Pour certaines personnes, le point de départ est très concret : retrouver un rythme, oser se projeter, reprendre contact avec des structures du droit commun. Pour d’autres, il s’agit d’un premier pas vers une plus grande autonomie dans leurs démarches. 

Une femme accompagnée peut, par exemple, venir avec un projet très précis, comme travailler de nuit en usine tout en préparant son permis. Un autre peut envisager une reconversion dans la coiffure après un parcours migratoire. Dans les deux cas, l’accompagnement ne consiste pas à valider ou invalider immédiatement le projet, mais à l’explorer avec la personne, à identifier les étapes possibles, les ressources mobilisables, les ajustements nécessaires. 

C’est souvent ce cheminement qui permet aux personnes de reprendre confiance et de retrouver une capacité à se projeter. 

Quels premiers enseignements tirez-vous aujourd’hui de cette expérience ? 

Cette démarche confirme l’intérêt de partir des aspirations des personnes, même lorsqu’elles semblent fragiles ou éloignées des attentes habituelles du marché du travail. Elle montre aussi l’importance de l’aller-vers, qui est au cœur de la méthode IPS. Les job coachs ne reçoivent pas les personnes dans un bureau : ils vont à leur rencontre dans les lieux où elles se sentent à l’aise, qu’il s’agisse de leur domicile, d’une agence France Travail, d’un café ou d’un espace public. Cette proximité facilite la création d’une relation de confiance et permet souvent d’engager plus facilement les personnes dans la démarche. 

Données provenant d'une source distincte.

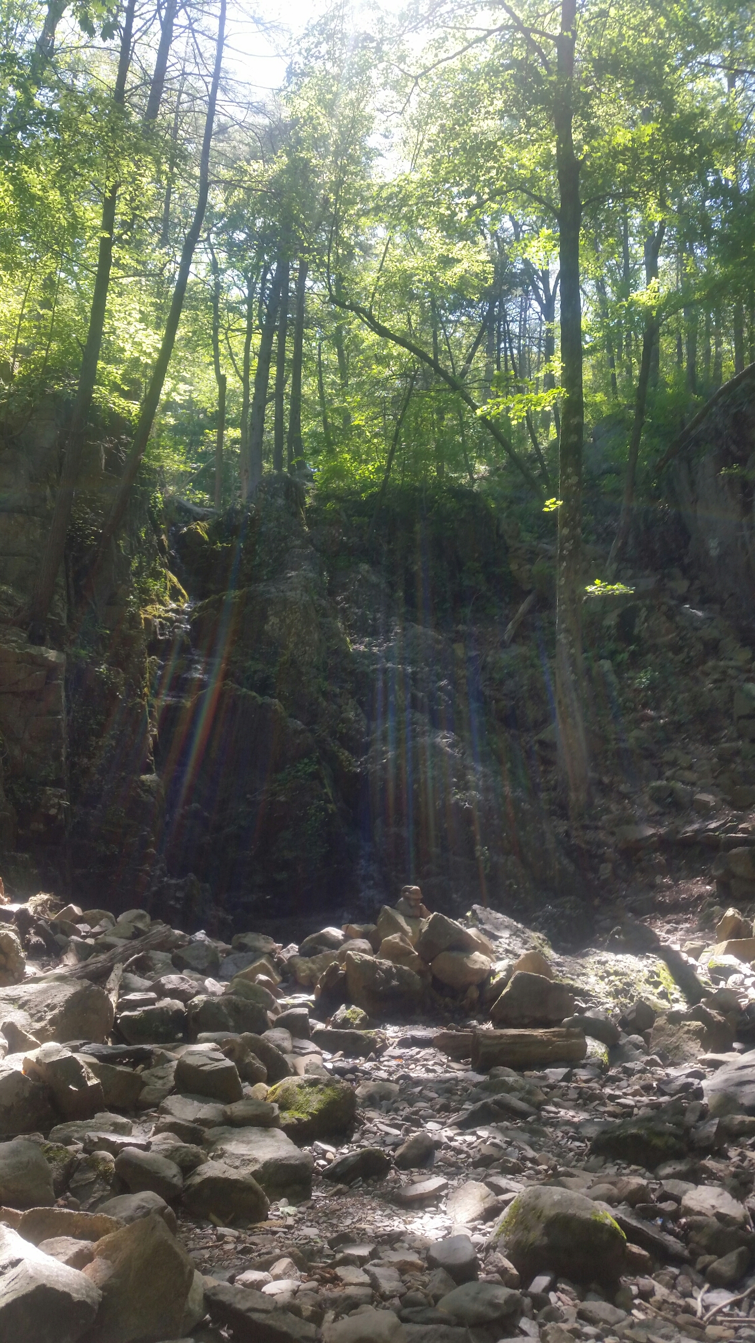Yelling up to her I cheered her on, she was pulling me up and I’m sure we were pushing her up as well. When I caught her towards the top, she had slowed just enough that my stamina could take over, I started a conversation with her. She was on vacation and doing a day hike on the AT. the normal questions followed and I said goodbye as our trails diverged in the woods. Feeling worn out and tired Luigi and I looked at a rock to rest for a moment before being greeted by Caesar. It was so good to see him, we hugged and sat down.

Cette approche demande du temps, une forte coordination avec les partenaires et la capacité à accepter que les parcours avancent par étapes. Elle permet de remettre en mouvement des personnes qui, sans cet accompagnement, ne franchiraient pas forcément certaines étapes. 

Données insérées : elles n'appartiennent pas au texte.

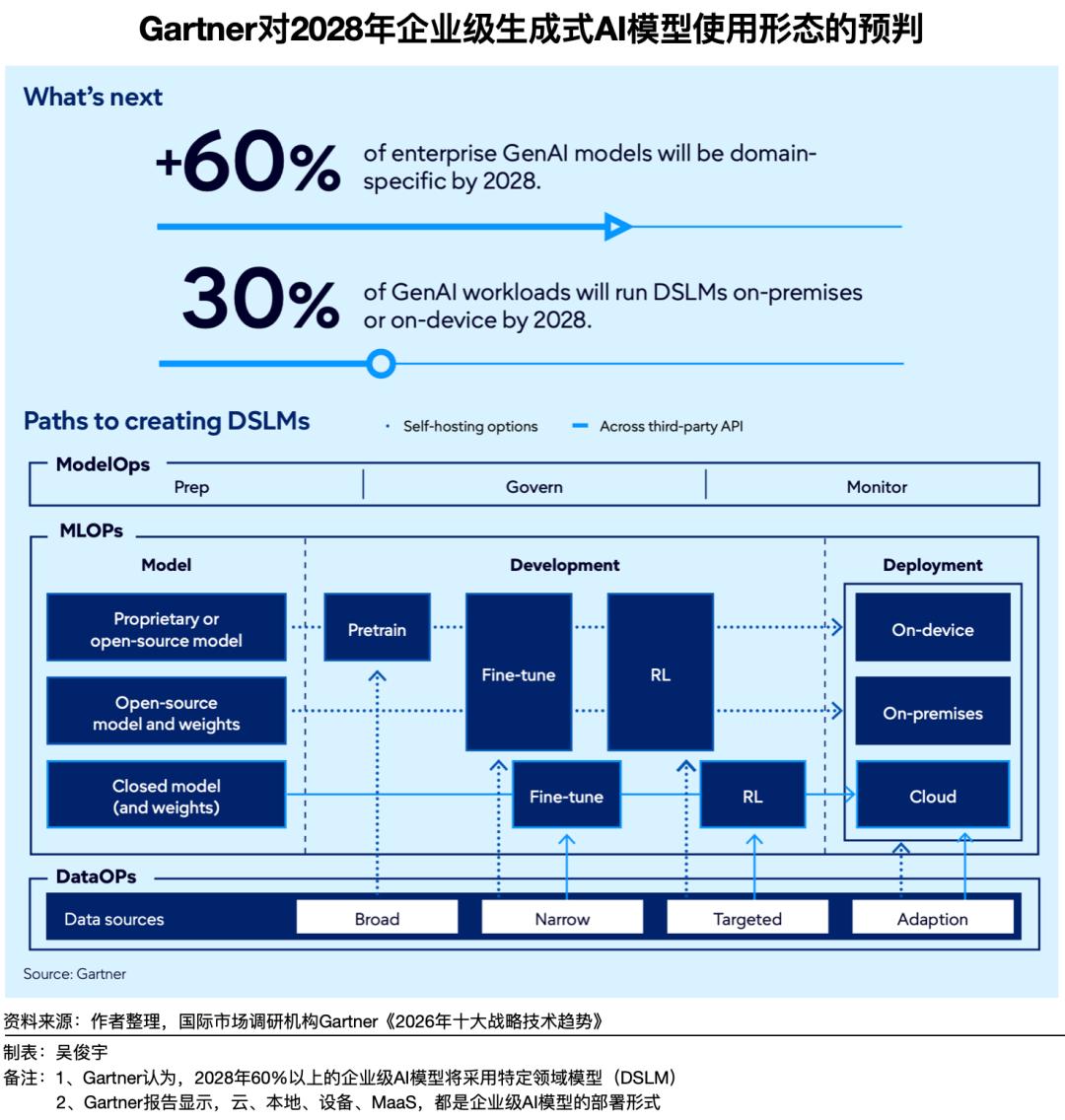 国际市场调研机构Gartner在《2026年十大战略技术趋势》给了一个更全面的解释——2028年60%以上的企业级AI模型将采用特定领域模型(DSLM)(根据特定数据集训练的AI模型,准确性、合规性更高),它们可能同时通过云、本地、设备、MaaS部署。

Elle montre aussi certaines limites. Même si l’accompagnement n’est pas centré sur la levée des freins, certaines difficultés liées à la santé, à la maîtrise de la langue, à la mobilité ou à la situation administrative peuvent rester complexes à dépasser dans le temps du projet, limité à douze mois. 

Pour autant, l’expérience confirme qu’il ne faut pas toujours attendre que toutes les conditions soient réunies pour agir. Permettre aux personnes de tester, d’essayer, de rencontrer des professionnels ou d’explorer une piste contribue déjà à renforcer leur pouvoir d’agir et leur capacité à construire la suite de leur parcours.